Transcribe the whole listing exactly; the images stay out.

Data segment:
Content starts

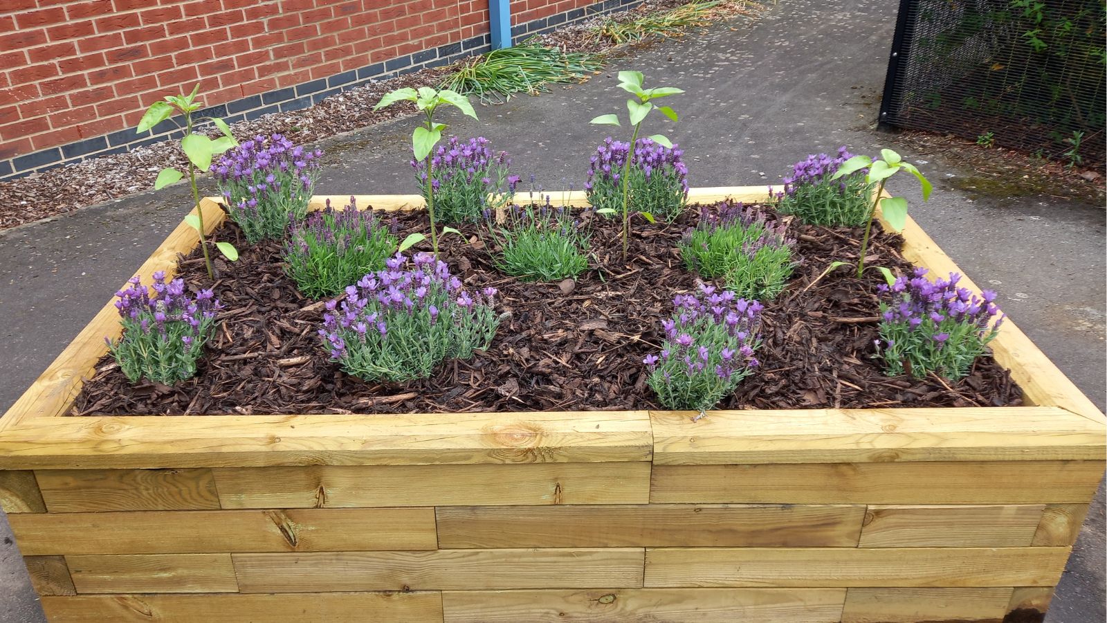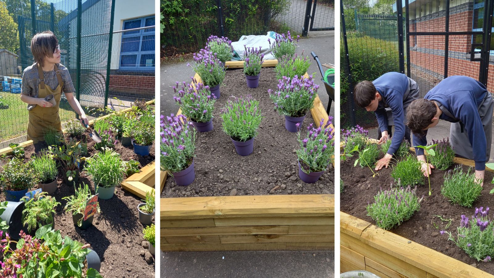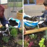 Ten slotte werden de verhoogde bakken met aarde gevuld. De leerlingen plantten daarna verschillende bloemen en struiken voordat ze ter afwerking een laag boomschors toevoegden.
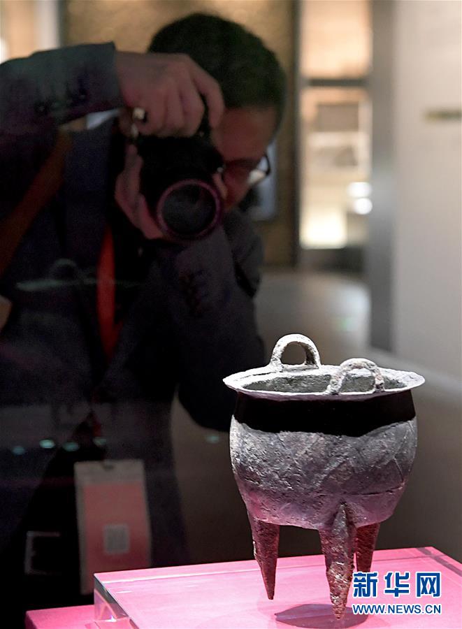 參觀者在二里頭夏都遺址博物館拍攝展品“乳釘紋銅爵”(2019年10月19日攝)。新華社記者李安攝
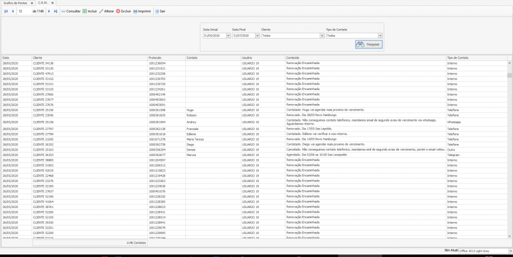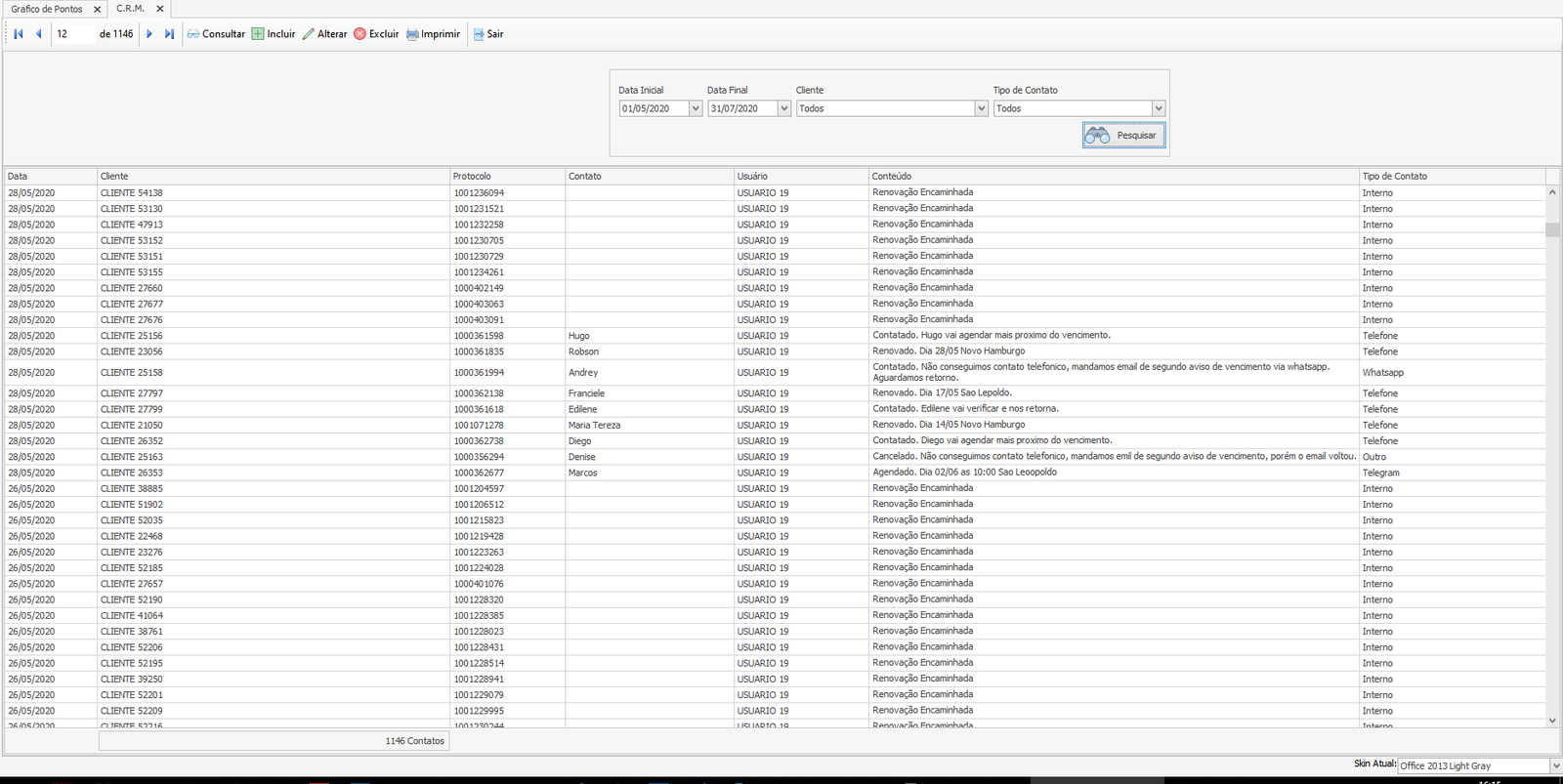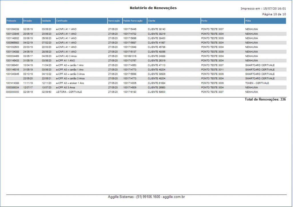 Relatório de renovações

Content ends

Task answer:
 Ten slotte werden de verhoogde bakken met aarde gevuld. De leerlingen plantten daarna verschillende bloemen en struiken voordat ze ter afwerking een laag boomschors toevoegden.
 參觀者在二里頭夏都遺址博物館拍攝展品“乳釘紋銅爵”(2019年10月19日攝)。新華社記者李安攝
 Relatório de renovações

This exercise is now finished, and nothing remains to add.